The initial phase involves loading libraries for data analysis and clustering. The raw data requires meticulous cleaning, including the removal of non-predictive timestamps and the standardization of scales to ensure that higher-magnitude variables do not disproportionately influence the Euclidean distance calculations.
if (!require("pacman")) install.packages("pacman")
pacman::p_load(
tidyverse, cluster, factoextra, corrplot, psych,
fastDummies, fpc, gridExtra, Rtsne, FactoMineR, mclust
)
set.seed(42)
# Loading the data set
df <- read_csv("academic Stress level - maintainance 1.csv") %>%
select(-1) %>%
setNames(c("academic_stage", "peer_pressure", "academic_pressure_from_home",
"study_environment", "coping_strategy", "bad_habits",
"rating_of_academic_competition", "stress_index")) %>%
drop_na()
# Encoding categorical and ordinal variables
df_prepared <- df %>%
mutate(academic_stage_num = case_when(
academic_stage == "high school" ~ 1,
academic_stage == "undergraduate" ~ 2,
academic_stage == "post-graduate" ~ 3)) %>%
select(-academic_stage) %>%
dummy_cols(select_columns = c("study_environment", "coping_strategy", "bad_habits"),
remove_selected_columns = TRUE) %>%
rename_with(~ str_remove_all(., "coping_strategy_"))
# Final scaling for algorithm performance
df_scaled <- as.data.frame(scale(df_prepared))Before clustering, we examine how variables relate to one another.
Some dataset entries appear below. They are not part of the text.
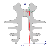 Foram adquiridos 254 isoladores, grande parte dos quais possuíam cavidades em seu interior, as quais foram detetadas e aferidas através de ensaios de raios x. Como a maioria das cavidades tinham um formato elipsoidal, suas dimensões foram caracterizadas pelos eixos “a”, “b” e “c”, centradas em suas coordenadas cartesianas x’, y’ e z’, como ilustrado em duas dimensões na Figura 3.
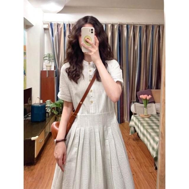 法式茶歇裙圓領排扣條紋短袖連衣裙女小個子壓褶設計中長款裙子 864
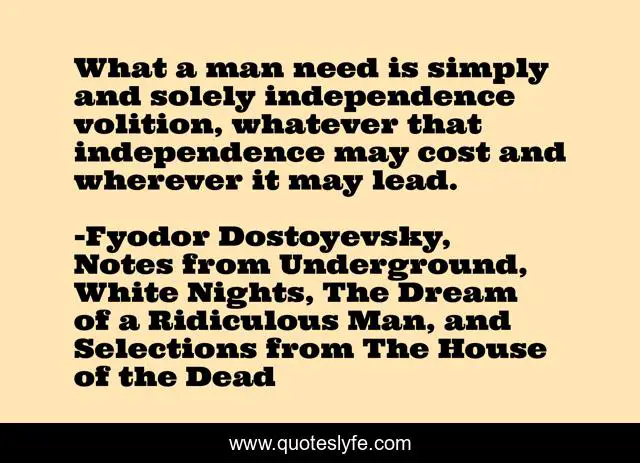 This page presents the quote "What a man need is simply and solely independence volition, whatever that independence may cost and wherever it may lead.". Author of this quote is Fyodor Dostoyevsky, Notes from Underground, White Nights, The Dream of a Ridiculous Man, and Selections from The House of the Dead. This quote is about independence, man,.
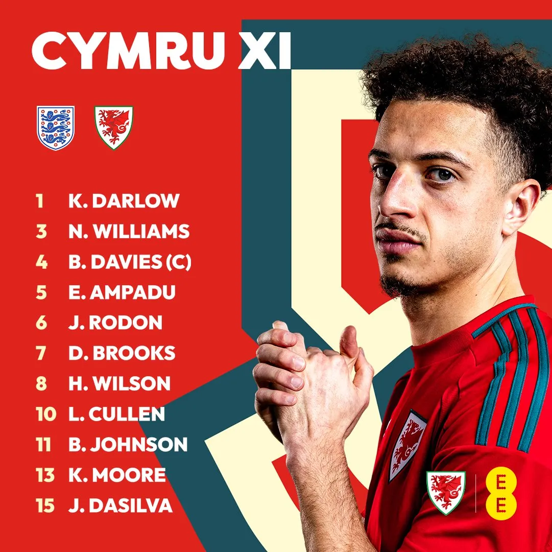 威爾士首發(fā):1-達(dá)洛、3-威廉斯、4-戴維斯、5-艾姆帕杜、6-羅頓、7-布魯克斯、8-威爾遜、10-卡倫、11-約翰遜、13-穆爾、15-達(dá)席爾瓦
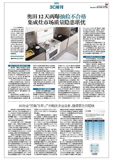 奥田12天两曝抽检不合格 集成灶市场质量隐患堪忧
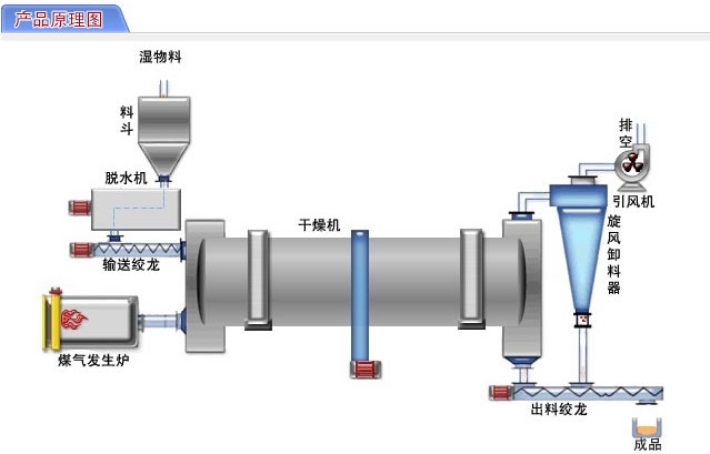 一、煤泥烘干機(jī)結(jié)構(gòu)及工作原理 煤泥烘干機(jī)主要由熱源、打散裝置、帶式上料機(jī)、進(jìn)料機(jī)、回轉(zhuǎn)滾筒、帶式出料機(jī)、引風(fēng)機(jī)、卸料器和配電柜構(gòu)成。該套設(shè)備工作原理如下:煤泥由于具有一定的粘性,在烘干過(guò)程中濕煤泥進(jìn)入烘干機(jī)后分以下幾個(gè)工作區(qū):一是導(dǎo)料區(qū),濕煤泥進(jìn)入此區(qū)與高溫?zé)犸L(fēng)接觸迅速蒸發(fā)水分,物料在大導(dǎo)角的抄板抄動(dòng)下,形不成粘結(jié)便被導(dǎo)入下一個(gè)工作區(qū); 二是清理區(qū),濕煤泥在此區(qū)被抄板抄抄起形成料幕狀態(tài),物料落下時(shí)易形成粘結(jié)滾筒壁現(xiàn)象,在此區(qū)由于設(shè)備設(shè)計(jì)有清掃裝置,清掃裝置便十分合理地清掃了內(nèi)壁粘附的物料,在這個(gè)過(guò)程中,清掃裝置對(duì)于物料 團(tuán)球結(jié)塊也起破碎作用,從而增加了熱交換面積,提高了干燥速率;三是傾斜揚(yáng)料板區(qū),濕煤泥在此區(qū)已 呈低水分松散狀態(tài),物料在此區(qū)已不具有粘結(jié)現(xiàn)象,經(jīng)過(guò)熱交換后物料達(dá)到所要求的水分狀態(tài),進(jìn)入后 的出料區(qū);四是出料區(qū),滾筒在此區(qū)不設(shè)抄板,物料在此區(qū)滾動(dòng)滑行至排料口,完成整個(gè)烘干過(guò)程。 二、主要特點(diǎn) 1、烘干機(jī)抗過(guò)載能力強(qiáng),處理量大,燃料消耗少,干燥成本低; 2、采用順流干燥方式,煙氣與濕物料由同一側(cè)進(jìn)入干燥機(jī),可以利用高溫?zé)煔猥@得很高的蒸發(fā)強(qiáng)度,烘干機(jī)溫度低,熱效率高; 3、可根據(jù)不同的物料性質(zhì)改變運(yùn)行參數(shù),使物料在烘干機(jī)筒體內(nèi)能夠形成穩(wěn)定的全斷面料幕,質(zhì)熱交換更為充分; 4、新型給料、排料裝置,滾筒干燥機(jī)給料堵塞、不連續(xù)、不均勻和返料等現(xiàn)象,降低了除塵系統(tǒng)的負(fù)荷; 5、新型內(nèi)部結(jié)構(gòu),強(qiáng)化了對(duì)已分散物料的清掃和熱傳導(dǎo)作用,消除了筒體內(nèi)壁的沾粘現(xiàn)象,對(duì)物料水分、粘性的適應(yīng)性更強(qiáng); 6、烘干機(jī)實(shí)現(xiàn)了 “ 零水平推力 ” ,大大減少了擋托輪的磨損,筒體運(yùn)轉(zhuǎn)平穩(wěn)可靠; 7、烘干機(jī)采用 “ 調(diào)心式托輪裝置 ” ,使托輪和滾圈的配合永遠(yuǎn)呈線性接觸,從而大大降低了磨損和動(dòng)力損耗; 8、可根據(jù)用戶要求控制產(chǎn)品粒度和水分,烘干煤泥時(shí)產(chǎn)品水分可達(dá) 8% 以下,粒度可控制在 8mm 以下。 三、工藝流程圖
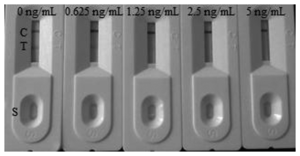 The samples were spiked with the CIP standard solution (10 μg/mL, prepared with 0.01 M PBS, pH 7.4). The final milk samples were spiked with CIP at 0, 0.625, 1.25, 2.5, and 5 ng/mL (n = 6). The spiked series were prepared and analyzed with the optimal test strips. The color intensity decreased with increasing CIP concentration. The results are summarized in Figure 7. The signal color on the test lines changed from strong to weak and disappeared completely at 2.5 ng/mL. The MRL has been set by the European Commission at 100 ng/mL for the enrofloxacin and ciprofloxacin in milk. The results of this study demonstrate the lowest detection limit of the immunochromatography assay is >2.5 ng/mL, and drug concentrations lower than this limit cannot be recognized.
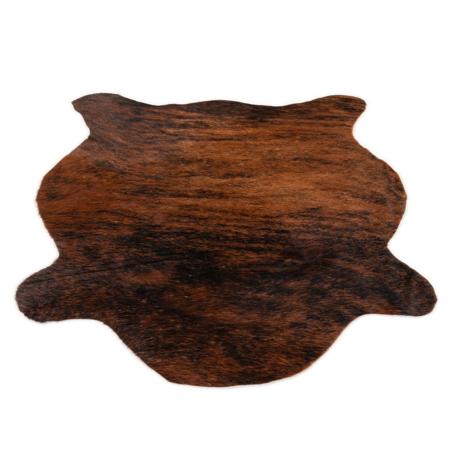 A 2x3 rectangular Rugs.com Cowhide Leather rug in shades of brown and tan, featuring a natural brindle pattern.

Using a hierarchical clustering order for the correlation matrix allows us to visualize “blocks” of correlated variables, which typically hint at the underlying dimensions that PCA will later extract.
# Visualizing correlations with appropriate margins
M <- cor(df_scaled)
corrplot(M, method = "color", type = "full",
tl.col = "black", tl.cex = 0.7, tl.srt = 45,
order = "hclust", mar = c(0,0,1,0),
title = "Variable Correlation Matrix")The data shows that peer pressure and high competition are the main reasons why students feel stressed. Interestingly, those who use logic to solve their problems are much less likely to have emotional breakdowns or cry.
The Hopkins statistic is calculated to determine if the data possesses a non-random clustering tendency. We then utilize the Elbow, Silhouette, and Gap Statistic methods to identify the optimal number of clusters (\(k\)).
# Hopkins statistic > 0.75 indicates high clusterability
hopkins <- get_clust_tendency(df_scaled, n = 50, graph = FALSE)
print(paste("Hopkins Statistic:", round(hopkins$hopkins_stat, 4)))## [1] "Hopkins Statistic: 0.7152"
# Optimal k search
elbow <- fviz_nbclust(df_scaled, pam, method = "wss") + labs(title = "Elbow Method")
sil <- fviz_nbclust(df_scaled, pam, method = "silhouette") + labs(title = "Silhouette Method")
gap_stat_values <- clusGap(df_scaled, FUN = pam, K.max = 10, B = 50)
gapstat <- fviz_gap_stat(gap_stat_values) + labs(title = "Gap Statistic")
grid.arrange(elbow, sil, gapstat, ncol = 3)A Hopkins score of 0.7152 proves that the patterns in student stress are real and have a strong natural tendency to form clusters. While mathematical tests suggested more clusters, we selected \(k=4\) because our small sample would otherwise be split into groups too tiny to be statistically reliable.
Survey data often contains redundant information. We apply Principal Component Analysis (PCA) with Varimax rotation to extract 6 components that explain the majority of the variance.
# Scree plot to verify Kaiser Criterion (Eigenvalues > 1)
pca_fit <- principal(df_scaled, nfactors = 6, rotate = "varimax")
plot(pca_fit$values, type = "b", main = "Scree Plot",
xlab = "Component Number", ylab = "Eigenvalue", pch = 19, col = "blue")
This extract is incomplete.